1. Perl
  2. Module
  3. here

Encode module - Properly handles multi - byte strings such as Japanese

Use the Encode module to properly handle multibyte characters such as Japanese in Perl. In many cases, you can handle Japanese properly if you remember the following three things.

  1. The string input from the outside is decoded by the decode function of the Encode module.
  2. The string to be output to the outside is encoded by the encode function of the Encode module.
  3. Save the source code in UTF-8 and enable the utf8 pragma

Terms in this commentary

In this explanation, the string input from the outside is called "byte string ". Let's call the string converted to Perl's internal representation "decoded string ". If the "byte string" is described in a specific character code, it will be called "UTF-8 byte string" or "Shift_JIS byte string".

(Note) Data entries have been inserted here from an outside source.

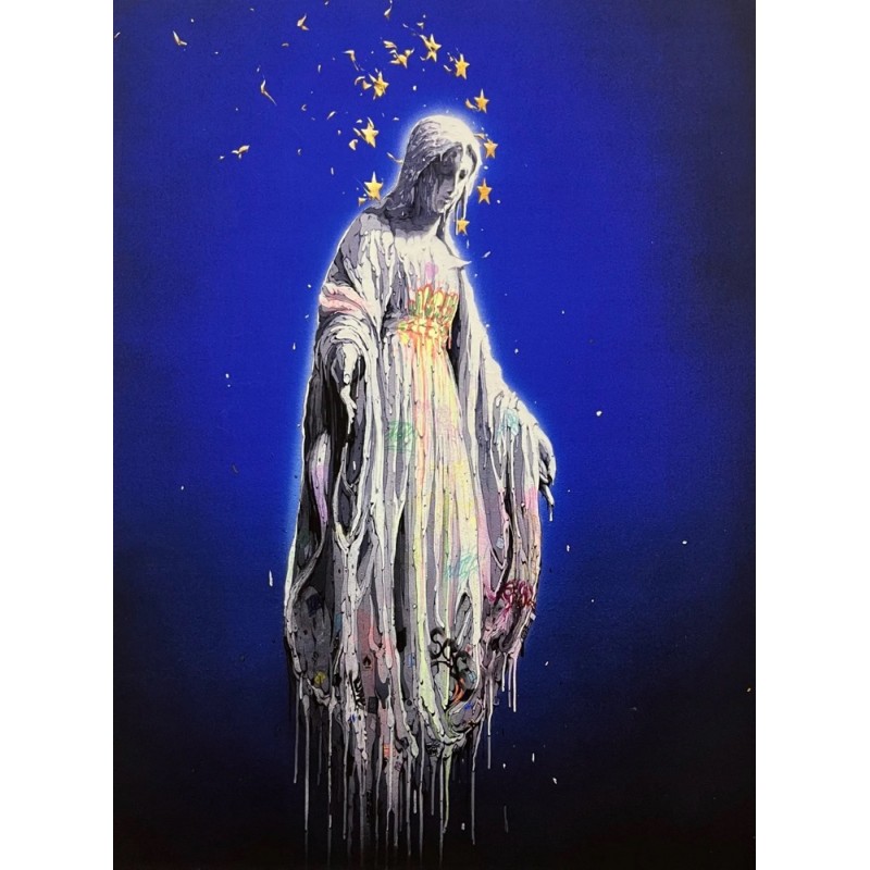 Brusk was born in Lyon in 1976. He is first and foremost a lover of drawing. It was in 1991 that this love led him to graffiti and its subversive world. Brusk is a multifaceted artist, working as a graffiti artist, muralist, painter, draftsman, sculptor, but above all, a storyteller of a world adrift, whose suffering and injustices he sublimates through an explosive and impactful aesthetic. Brusk's creativity has constantly evolved since 1991, but it is clear that the artist's style is marked by the use of two techniques that are almost omnipresent in his work: dripping and tearing, which very often fragment the representation of the world that the artist presents to us. From this alteration of the motif through tears and drips emerges a lightness and gentleness that reveal a world in which it seems possible to soften, to reconcile, to love, and even to hope for the advent of a better world. An ambiguity arises between a colorful and luminous form and a rebellious, acidic, sometimes even very dark background—a statement that denounces the dysfunctions of our modern societies, an inner revolt that transforms the ugliness of this world into an explosion of beauty, a true pictorial oxymoron that restores our hope. To reduce Brusk's work to tears and drips would therefore be a mistake, since the artist finely crafts a universe that is both light and brutal, aptly confronts nature and culture, and compels us to grasp the monstrosity of our world with a benevolent gaze free from all negativity. Brusk is an essential artist on the street art scene, who enjoys widespread recognition in the art market.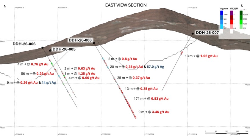 - Hole DDH 26-006 intersected multiple mineralized intervals, including a broad zone of 56.0 m grading 0.29 g/t gold and 8.0 g/t silver from 109 m downhole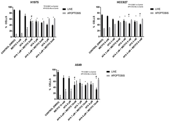 Apoptosis induction of afatinib plus metformin treatment in H1975, HCC827, and A549 cell lines. We observed similarities between the apoptosis test and cytotoxicity induction results. In total, 5000 events were analyzed in each assay. Cells were seeded and treated with the previously described scheme for 72 h and then analyzed with the apoptosis kit and flow cytometry. Bars represent the means of 3 independent experiments by triplicate. Statistical references are presented in each graph. * p < 0.0001 vs control, # p < Afa vs. Combo.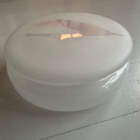 Holmegaard lågkrukke i Fiesta hvidt glas med rosa dekoration. Fiesta 1987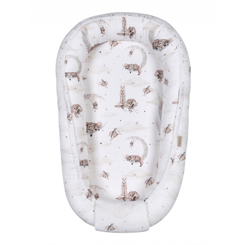 Das Nest hat eine abnehmbare Matratze aus Polyurethan-Schaum, die mit einem sicheren, verdeckten Reißverschluss geschlossen ist. Dank des abnehmbaren Einsatzes kann das Ganze problemlos in die Waschmaschine gelegt und gewaschen werden. Die Seiten des Kokons sind mit einer flexiblen, antiallergischen Silikon-Kugel gefüllt, die sich während der Nutzung und Pflege nicht verformt.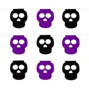 Kit Bandeirinha Halloween Caveira Pretoroxo 10 Pacotes Com 5 Metros BOOOOO Se você está procurando uma opção de decoração de Halloween prática e criativa, o Kit de Bandeirinha Decorativa Caveira Preto Roxo que oferecemos é perfeito para vocêEssas Bandeirinhas foram feitas de Papel Seda, com muita criatividade e carinho, possuindo um total de 9 Caveirinhas em cada pacote, suspensas por um barbante que tem o comprimento de 5 metros. O melhor é que são 10 pacotes que vêm no kit, ou seja, você terá um total de 50 metros de bandeirinhas para decorar o seu espaçoAdquira já o seu Kit de Bandeirinhas Decorativas e faça uma decoração incrivelmente assustadora de Halloween com muita facilidade e economia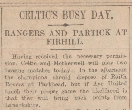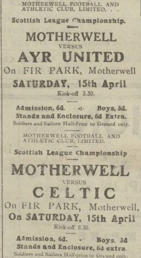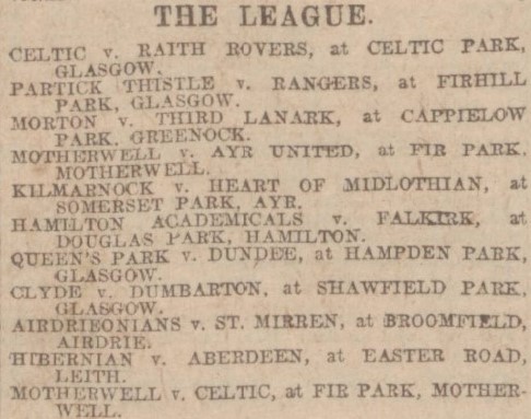Anyone looking at the Scottish League fixtures published for Saturday 15th April 1916 would have been forgiven for thinking a typo had been made. Instead of ten fixtures there were eleven – and it looked as though Celtic and Motherwell were listed to play twice.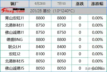 今日,青山代理報(bào)7月資源:鼎信304冷軋窄帶13200元/噸,熱軋窄帶13300元/噸;30478冷軋窄帶12700元/噸。304熱軋大板13330元/噸,30478熱軋大板12800元/噸。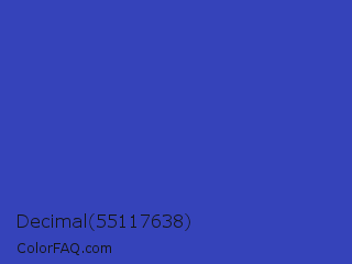 Decimal 55117638 Color is a normal blue color and the nearest color is Violet Blue #324ab2. Hex code #3543ba and RGB value is rgb(53,67,186). In RGB color space, this color is composed of 21% red, 26% green, 73% blue, In CMYK color space, this color is composed of 72% cyan, 64% magenta, 0% yellow , 27% black , In HSL color space, this color has a hue angle of 234° , 56% saturation and 47% lightness.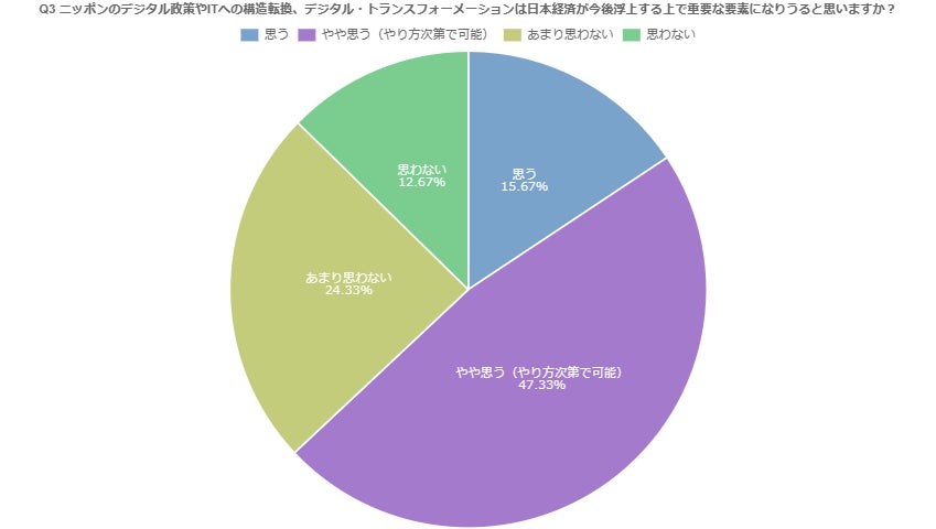 Q3 ニッポンのデジタル政策やITへの構造転換、デジタル・トランスフォーメーションは日本経済が今後浮上する上で重要な要素になりうると思いますか?

When dealing with Japanese in programming, it is necessary to clearly distinguish whether the string is a byte string or an decoded string. The rule when dealing with multiple languages in Perl is that the program is responsible for converting between internal and byte strings. This method is a little tricky, but the mechanism is very simple as you only have to remember the above three rules.

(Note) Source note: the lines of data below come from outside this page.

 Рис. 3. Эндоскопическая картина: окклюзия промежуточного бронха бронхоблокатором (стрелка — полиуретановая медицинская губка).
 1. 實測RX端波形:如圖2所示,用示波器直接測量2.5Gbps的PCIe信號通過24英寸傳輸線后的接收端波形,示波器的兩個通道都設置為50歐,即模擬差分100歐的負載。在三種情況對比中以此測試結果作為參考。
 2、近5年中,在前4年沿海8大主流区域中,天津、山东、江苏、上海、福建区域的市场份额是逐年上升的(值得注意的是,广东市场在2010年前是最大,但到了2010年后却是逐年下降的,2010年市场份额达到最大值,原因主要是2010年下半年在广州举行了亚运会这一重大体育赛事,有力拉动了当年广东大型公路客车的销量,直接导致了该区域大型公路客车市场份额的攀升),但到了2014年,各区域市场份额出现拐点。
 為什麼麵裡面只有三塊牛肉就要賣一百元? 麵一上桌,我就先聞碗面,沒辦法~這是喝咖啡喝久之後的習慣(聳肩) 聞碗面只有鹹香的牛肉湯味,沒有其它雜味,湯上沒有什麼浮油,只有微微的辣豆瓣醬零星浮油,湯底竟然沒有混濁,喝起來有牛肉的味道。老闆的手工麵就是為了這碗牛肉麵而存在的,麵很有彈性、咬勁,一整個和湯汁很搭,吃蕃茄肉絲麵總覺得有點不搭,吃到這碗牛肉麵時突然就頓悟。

Be sure to decode the string input from the outside

Character strings input from the outside are always decoded using the decode function of the Encode module. Decoding is the process of converting a "byte string" to an "decoded string". When dealing with multibyte strings, be sure to use the decode function to convert them to decoded strings.

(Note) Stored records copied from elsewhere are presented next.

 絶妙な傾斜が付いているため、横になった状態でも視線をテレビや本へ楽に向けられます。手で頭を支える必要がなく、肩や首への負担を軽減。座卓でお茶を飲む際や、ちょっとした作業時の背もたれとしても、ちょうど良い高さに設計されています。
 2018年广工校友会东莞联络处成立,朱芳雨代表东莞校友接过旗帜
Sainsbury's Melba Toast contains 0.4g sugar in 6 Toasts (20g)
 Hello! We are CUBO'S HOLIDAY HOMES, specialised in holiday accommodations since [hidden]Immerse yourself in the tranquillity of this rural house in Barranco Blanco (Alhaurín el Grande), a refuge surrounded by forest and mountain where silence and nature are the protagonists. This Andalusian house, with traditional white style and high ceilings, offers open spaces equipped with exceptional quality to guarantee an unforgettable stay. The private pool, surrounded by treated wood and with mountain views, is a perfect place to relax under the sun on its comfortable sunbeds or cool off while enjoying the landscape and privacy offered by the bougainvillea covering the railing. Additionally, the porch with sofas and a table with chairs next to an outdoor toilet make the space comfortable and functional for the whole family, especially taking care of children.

Specify the character code of the byte string in the first argument of the decode function, and specify the byte string in the second argument. The return value will be an decoded string.

use Encode 'decode';

# External input (command line argument)
my $str = shift;

# Convert byte string (external input) to decoded string (when $str is UTF-8)
$str = decode('UTF-8', $str);

# Convert byte string (external input) to decoded string (when $str is Shift_JIS)
$str = decode('Shift_JIS', $str);

Character strings input from the outside are "command line arguments", "files", "standard input", "environment variable", etc. Think of all external input as byte strings.

$str = decode('UTF-8', $str);

Is expressed graphically as follows.

                Convert "UTF-8 byte string" to "decoded string"
UTF-8 byte string - ->decoded string

The meaning of the first argument of the decode function is easy to misunderstand. Specifies which character code the byte string is actually encoded in.

Be sure to encode the string to be output to the outside

The string to be output to the outside is encoded using the encode function of the Encode module. Encoding is the process of converting an "decoded string" to a "byte string".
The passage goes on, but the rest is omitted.